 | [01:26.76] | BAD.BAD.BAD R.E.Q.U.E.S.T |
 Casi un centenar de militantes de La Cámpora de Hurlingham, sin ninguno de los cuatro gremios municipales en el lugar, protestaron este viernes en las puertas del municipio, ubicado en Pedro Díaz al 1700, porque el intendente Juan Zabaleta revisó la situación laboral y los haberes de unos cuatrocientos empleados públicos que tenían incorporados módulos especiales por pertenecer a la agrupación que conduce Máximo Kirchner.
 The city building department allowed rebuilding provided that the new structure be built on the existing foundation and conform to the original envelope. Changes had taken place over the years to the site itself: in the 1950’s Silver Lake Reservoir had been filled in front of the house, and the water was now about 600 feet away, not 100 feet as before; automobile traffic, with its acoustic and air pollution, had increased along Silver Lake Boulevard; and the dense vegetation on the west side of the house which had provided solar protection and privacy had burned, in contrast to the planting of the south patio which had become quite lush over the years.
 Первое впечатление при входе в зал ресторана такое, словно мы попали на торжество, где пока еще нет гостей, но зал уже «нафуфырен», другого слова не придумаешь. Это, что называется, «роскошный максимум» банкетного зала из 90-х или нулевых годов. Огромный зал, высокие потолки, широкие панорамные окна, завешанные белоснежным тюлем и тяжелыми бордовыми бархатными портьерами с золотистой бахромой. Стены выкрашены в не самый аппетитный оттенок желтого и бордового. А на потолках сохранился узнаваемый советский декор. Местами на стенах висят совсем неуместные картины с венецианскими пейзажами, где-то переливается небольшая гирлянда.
...
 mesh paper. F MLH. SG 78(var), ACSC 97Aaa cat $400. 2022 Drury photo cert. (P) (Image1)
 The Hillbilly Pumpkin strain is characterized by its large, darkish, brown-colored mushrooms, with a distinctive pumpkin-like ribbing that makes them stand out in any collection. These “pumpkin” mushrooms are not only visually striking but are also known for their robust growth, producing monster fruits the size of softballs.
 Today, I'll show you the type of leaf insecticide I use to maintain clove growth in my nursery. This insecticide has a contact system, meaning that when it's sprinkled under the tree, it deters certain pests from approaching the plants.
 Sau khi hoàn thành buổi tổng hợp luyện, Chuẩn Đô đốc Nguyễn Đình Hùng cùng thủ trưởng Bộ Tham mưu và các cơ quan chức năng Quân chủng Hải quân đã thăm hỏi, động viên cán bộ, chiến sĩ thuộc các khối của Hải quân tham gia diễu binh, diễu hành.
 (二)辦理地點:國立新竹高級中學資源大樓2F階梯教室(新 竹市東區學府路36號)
---
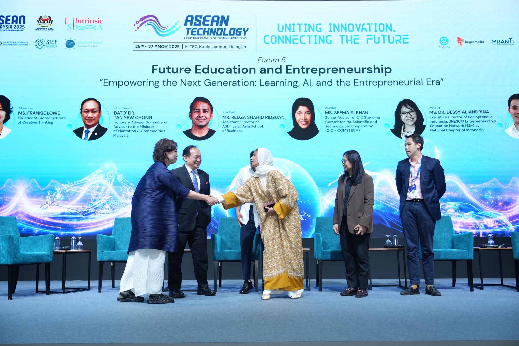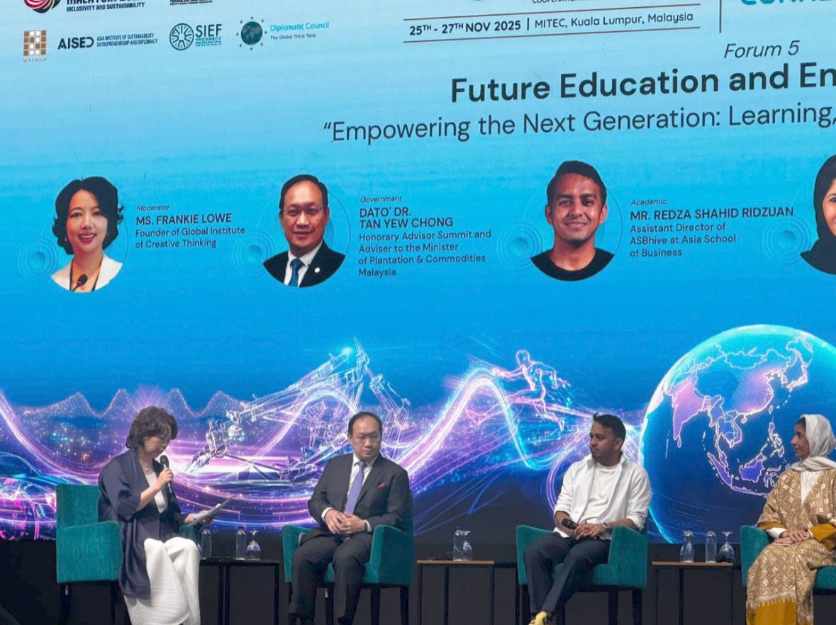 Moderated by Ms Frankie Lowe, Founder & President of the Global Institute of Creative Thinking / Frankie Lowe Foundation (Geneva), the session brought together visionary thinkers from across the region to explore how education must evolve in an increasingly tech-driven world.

EXERCISE BRIEF:
Copy out the range of lines above starting at the line with "Casi un centenar" and ending at the line with "Первое впечатление при", exactly and including both.

RESPONSE TO THIS EXERCISE:
 Casi un centenar de militantes de La Cámpora de Hurlingham, sin ninguno de los cuatro gremios municipales en el lugar, protestaron este viernes en las puertas del municipio, ubicado en Pedro Díaz al 1700, porque el intendente Juan Zabaleta revisó la situación laboral y los haberes de unos cuatrocientos empleados públicos que tenían incorporados módulos especiales por pertenecer a la agrupación que conduce Máximo Kirchner.
 The city building department allowed rebuilding provided that the new structure be built on the existing foundation and conform to the original envelope. Changes had taken place over the years to the site itself: in the 1950’s Silver Lake Reservoir had been filled in front of the house, and the water was now about 600 feet away, not 100 feet as before; automobile traffic, with its acoustic and air pollution, had increased along Silver Lake Boulevard; and the dense vegetation on the west side of the house which had provided solar protection and privacy had burned, in contrast to the planting of the south patio which had become quite lush over the years.
 Первое впечатление при входе в зал ресторана такое, словно мы попали на торжество, где пока еще нет гостей, но зал уже «нафуфырен», другого слова не придумаешь. Это, что называется, «роскошный максимум» банкетного зала из 90-х или нулевых годов. Огромный зал, высокие потолки, широкие панорамные окна, завешанные белоснежным тюлем и тяжелыми бордовыми бархатными портьерами с золотистой бахромой. Стены выкрашены в не самый аппетитный оттенок желтого и бордового. А на потолках сохранился узнаваемый советский декор. Местами на стенах висят совсем неуместные картины с венецианскими пейзажами, где-то переливается небольшая гирлянда.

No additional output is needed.